EXERCISE INPUT:

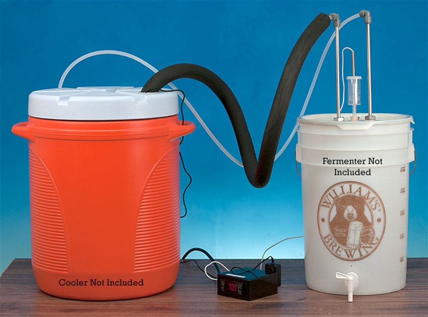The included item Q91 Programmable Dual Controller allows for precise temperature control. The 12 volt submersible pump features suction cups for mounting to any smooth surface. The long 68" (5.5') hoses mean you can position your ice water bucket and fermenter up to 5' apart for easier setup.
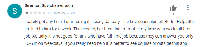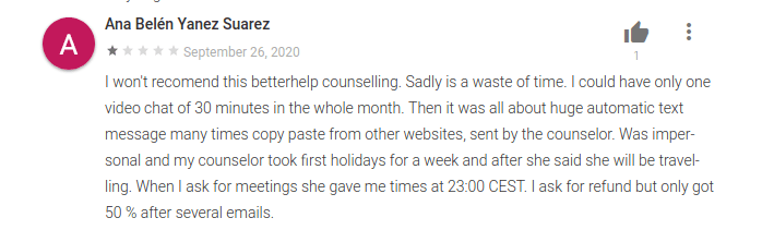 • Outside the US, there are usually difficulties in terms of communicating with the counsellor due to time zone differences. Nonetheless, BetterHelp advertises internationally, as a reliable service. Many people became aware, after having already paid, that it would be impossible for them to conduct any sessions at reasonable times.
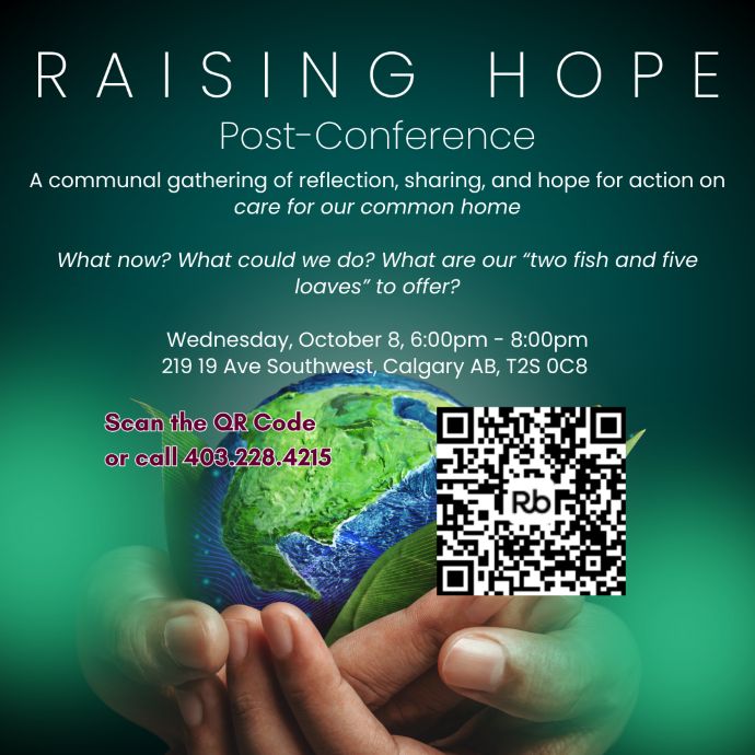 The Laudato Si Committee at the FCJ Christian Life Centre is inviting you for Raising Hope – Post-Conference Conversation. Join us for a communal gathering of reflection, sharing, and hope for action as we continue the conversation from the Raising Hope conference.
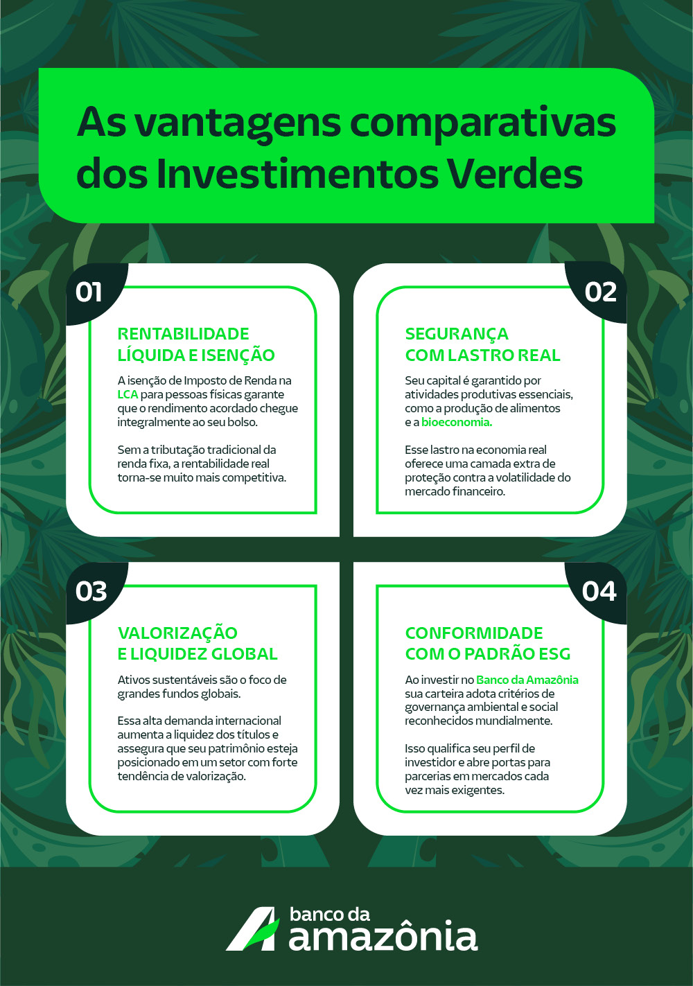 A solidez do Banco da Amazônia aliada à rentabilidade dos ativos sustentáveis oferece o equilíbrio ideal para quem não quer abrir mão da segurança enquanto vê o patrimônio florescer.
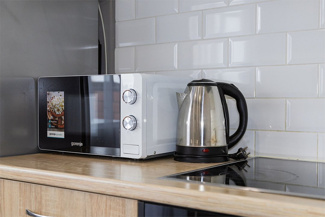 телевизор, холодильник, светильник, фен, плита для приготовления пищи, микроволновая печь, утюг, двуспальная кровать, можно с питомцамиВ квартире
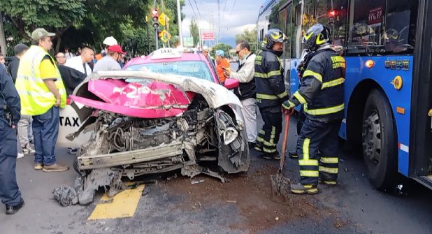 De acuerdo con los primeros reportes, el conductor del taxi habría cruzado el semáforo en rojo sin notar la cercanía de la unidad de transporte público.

WORK ORDER: Pictures aren't part of the copy; return each record above exactly.

ANSWER TO THE EXERCISE:
The included item Q91 Programmable Dual Controller allows for precise temperature control. The 12 volt submersible pump features suction cups for mounting to any smooth surface. The long 68" (5.5') hoses mean you can position your ice water bucket and fermenter up to 5' apart for easier setup.
 • Outside the US, there are usually difficulties in terms of communicating with the counsellor due to time zone differences. Nonetheless, BetterHelp advertises internationally, as a reliable service. Many people became aware, after having already paid, that it would be impossible for them to conduct any sessions at reasonable times.
 The Laudato Si Committee at the FCJ Christian Life Centre is inviting you for Raising Hope – Post-Conference Conversation. Join us for a communal gathering of reflection, sharing, and hope for action as we continue the conversation from the Raising Hope conference.
 A solidez do Banco da Amazônia aliada à rentabilidade dos ativos sustentáveis oferece o equilíbrio ideal para quem não quer abrir mão da segurança enquanto vê o patrimônio florescer.
 телевизор, холодильник, светильник, фен, плита для приготовления пищи, микроволновая печь, утюг, двуспальная кровать, можно с питомцамиВ квартире
 De acuerdo con los primeros reportes, el conductor del taxi habría cruzado el semáforo en rojo sin notar la cercanía de la unidad de transporte público.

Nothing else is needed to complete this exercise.